Today, the strength of NVIDIA’s moat lies in the difficulty in writing kernels and the proprietary nature of CUDA, which exclusively allows NVIDIA hardware to extract better performance than competitive architectures. Even if competitive chips can offer comparable peak FLOPS per second, optimized CUDA kernels for deep learning enables NVIDIA GPUs to achieve better FLOPS utilization rates which leads to overall greater performance. To beat NVIDIA, competitors must not only engineer superior hardware but also ensure compatibility with a more performant software ecosystem.

The analogy to beating NVIDIA is similar to trying to build a competitive video streaming platform to YouTube. Over decades, YouTube’s value proposition was strengthened as users posted terabytes of video content. To build a competitive service, a streaming platform must not only create a better user experience but also build out a comparable and ever-growing content library. For a competitor to beat NVIDIA, the task is even more daunting as the challenging part is not only to build a better chip but also to build out a similarly exhaustive and adopted software platform. Supporting a software ecosystem of this scale and flexibility is impossible for a single development team and requires community adoption and consistent effort to ensure that the software is well-optimized to support the wide-ranging and constantly evolving set of deep learning architectures.

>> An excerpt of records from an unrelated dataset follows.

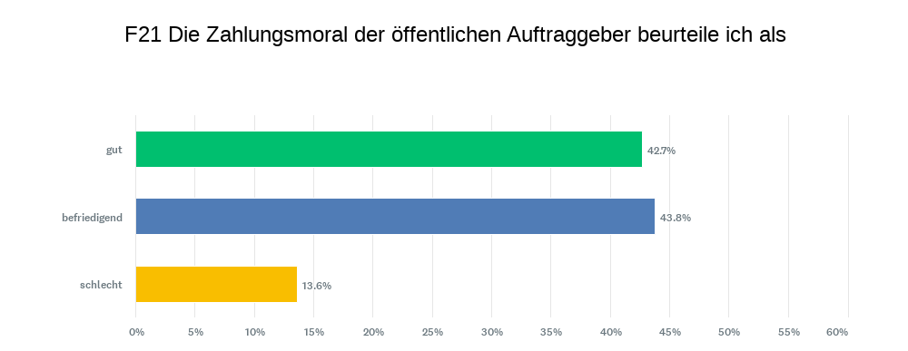 Die Zahlungsmoral der öffentlichen Auftraggeber beurteilen 42,7 Prozent als gut (Vorjahr 43,8 Prozent).
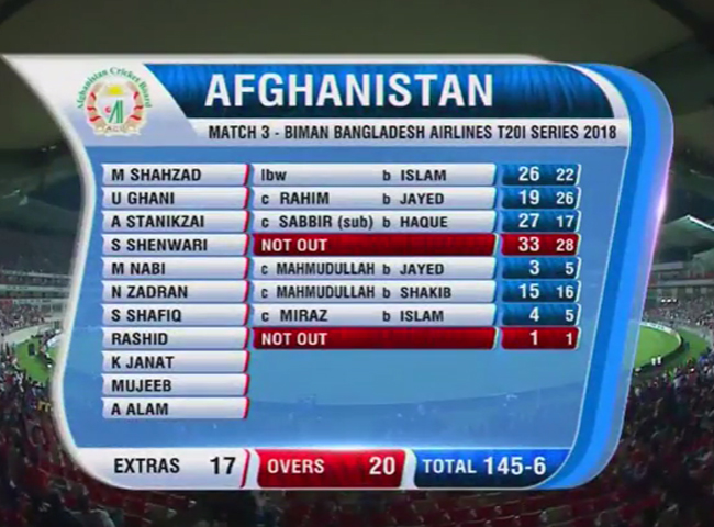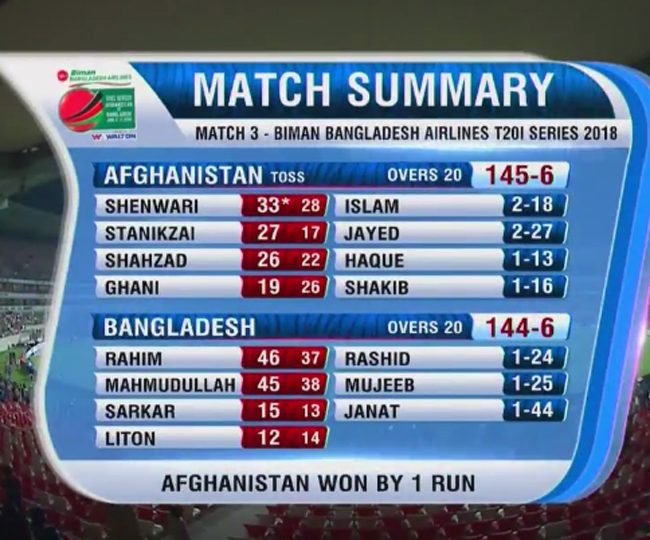 टीम ने 20 ओवर में छह विकेट के नुकसान पर 145 रन बनाए। अफगानिस्तान की ओर से समीउल्लाह शेनवारी ने सर्वाधिक 33 रन (28 गेंद) बनाए और नाबाद रहे। वहीं, बांग्लादेश की टीम ने 20 ओवर में 5 विकेट के नुकसान पर 144 रन ही बना पाया।
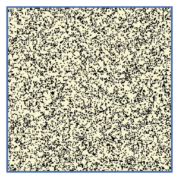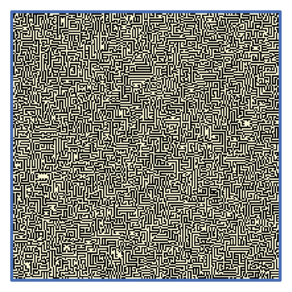 그림 8 은 이 세포 자동 장치가 완전히 "동결된" 미로 같은 패턴으로 수렴되는 것을 보여줍니다. GOL에 대한 그림 5 에 표시된 것과 유사한 이 규칙 세트의 미세한 모델은 4~5개의 살아있는 이웃 사이의 LTNPD를 예측하며 다음 값을 가리킵니다.. 이는 대략 인구 밀도로의 수렴을 제안합니다. 56%. 이 세포 자동 장치에 대한 5000단계 긴 시뮬레이션을 30회 반복한 결과 LTNPD의 중앙값은또는 대략. 51%로 순수 현미경 모델로 예측한 값에 매우 가깝습니다.
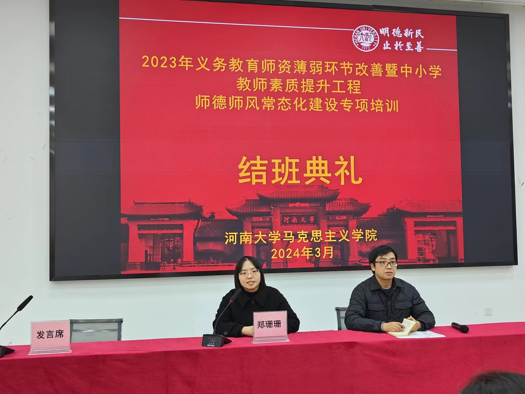 3月8日上午,河南省2023年义务教育团队薄弱环节改善暨中小学教师素质提升工程:师德师风常态化建设专项培训班一班结业典礼在必赢242net官网明伦校区科技馆一楼报告厅隆重举行,公司党委副书记郑珊珊参加了结班典礼,结班典礼由班主任张欢主持。
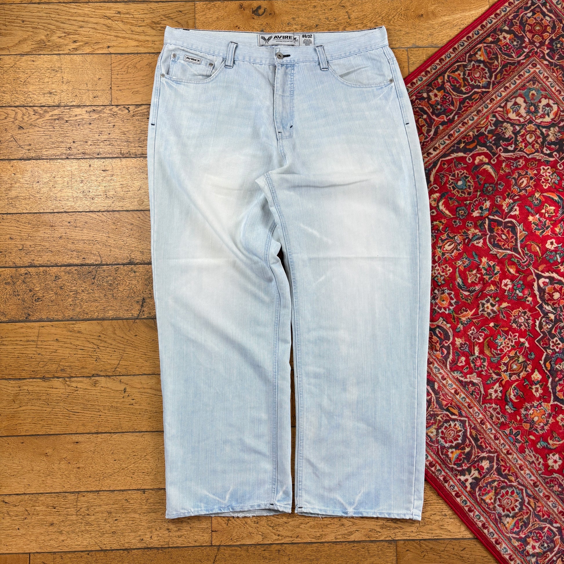 Vintage Avirex Blue Embroidered Y2K Hip Hop Baggy Jeans - 40
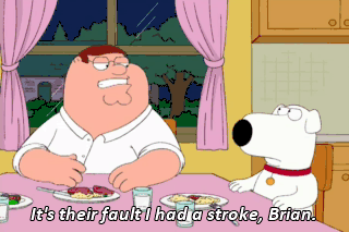 It's their fault I had a stroke, Brian. And I'm gonna sue them for it. Peter, you ate 30 hamburgers. It was your own fault.
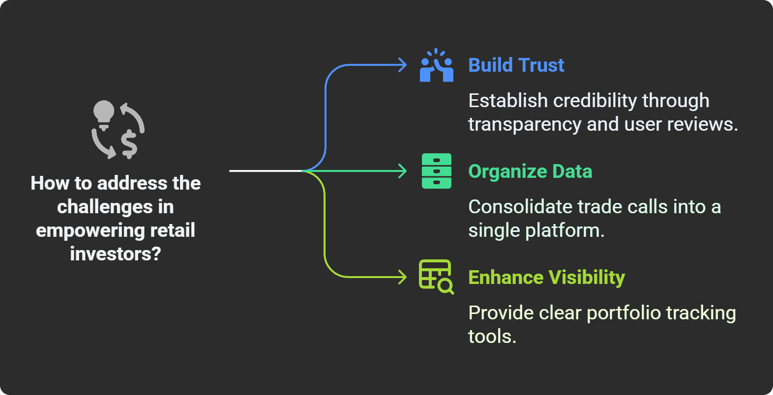 The project set out to empower retail investors by solving three major pain points:
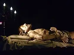 The small church of St. Roch began to be enriched with works of art commissioned by the brethren themselves, such as the 17th-century wooden statue of St. Roch, housed in the main niche above the altar; the oil painting, from the Neapolitan school, depicting Our Lady of Good Counsel, kept in a shrine displayed in the church; the silver statue of St. Roch by Giuseppe Sanmartino from 1793, kept in the cathedral, among other things displayed during the COVID-19 emergency in 2020, to invoke the saint's intercession and appease the pandemic. On March 16, 1919, the confraternity of St. Roch decided to provide itself with a simulacrum to be paraded during Holy Week:[10] the task was assigned to the Lecce papier-mâché master Raffaele Caretta, who was inspired by Antonio Ciseri's 1883 painting The Transport of Christ to the Sepulcher. The simulacrum fully and dramatically depicts the same characters as in Ciseri's work; leading the group and supporting the shroud in which Jesus' lifeless body is wrapped are Joseph of Arimathea and Nicodemus in front and St. John supporting the sheet behind Christ; completing the group are Mary of Clopas, who holds an almost fainting Mary, Salome and a penitent Mary of Magdala.[11] The statuary group made its debut on April 17, 1920, and first crossed the threshold of the church of San Rocco in the late afternoon; the same scene is still repeated today with Pancaldi's Eternal Sorrow funeral march that begins the procession, moved since 1921 to the usual night time of 2:30 a.m.[12] In 2020, the processional rite was not held, due to the COVID-19 emergency, despite the 100th anniversary of the simulacrum.
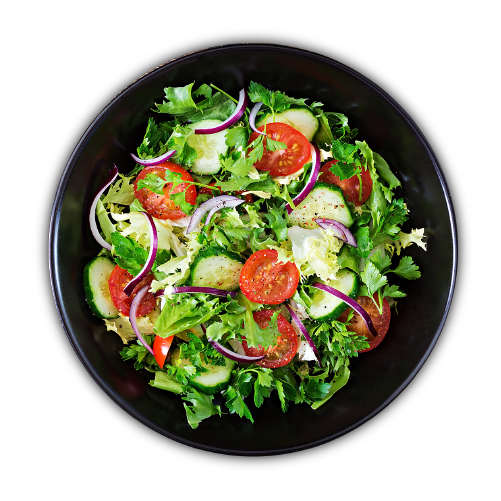 Green assorted vegetables salad with ranch dressing is fresh, healthy hearty and colourful
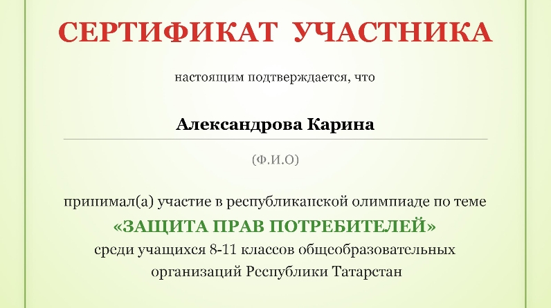 Госалкогольинспекция Республики Татарстан определена координатором программы, одним из приоритетных направлений которой является деятельность по повышению потребительской грамотности, в том числе проведение Олимпиады по теме «Защите прав потребителей» для учащихся средних учебных заведений.

Competition on the Horizon

In the current stage of the AI infrastructure build-out, GPUs have merely been a CAPEX line item for big tech companies, who are looking to massively scale their compute capabilities to over 100,000 GPUS. In 2024 alone, Amazon, Google, Microsoft, and Meta are expected to spend a combined $210 billion on CAPEX, with a large portion designated to NVIDIA GPUs. Meta plans to purchase 350,000 H100s while Microsoft plans to amass some 1.8 million GPUs by the end of 2024 to train the next frontier model.

Source: Semi-Analysis

Despite the enormous projected spend on NVIDIA infrastructure, Big Tech has been actively exploring ways to reduce their dependency on NVIDIA as their sole supplier of AI hardware. One strategy the cloud hyperscalers have been exploring is designing their own custom ASICs (Application-Specific Integrated Circuits) for inference. These fixed-function hardware components are much cheaper than GPUs and offer additional performance by being specifically optimized for particular AI tasks. ASICs such as AWS Inferentia chips have shown incredible performance benchmarks when accelerating AI inference, which primarily consists of just one type of operation: matrix multiplication. However, ASICs have largely failed to gain adoption due to their lack of programmability. Training and reinforcement learning require performant computation of a more diverse and evolving set of operations, making the lack of programmability of ASICs detrimental to their adoption for AI more broadly.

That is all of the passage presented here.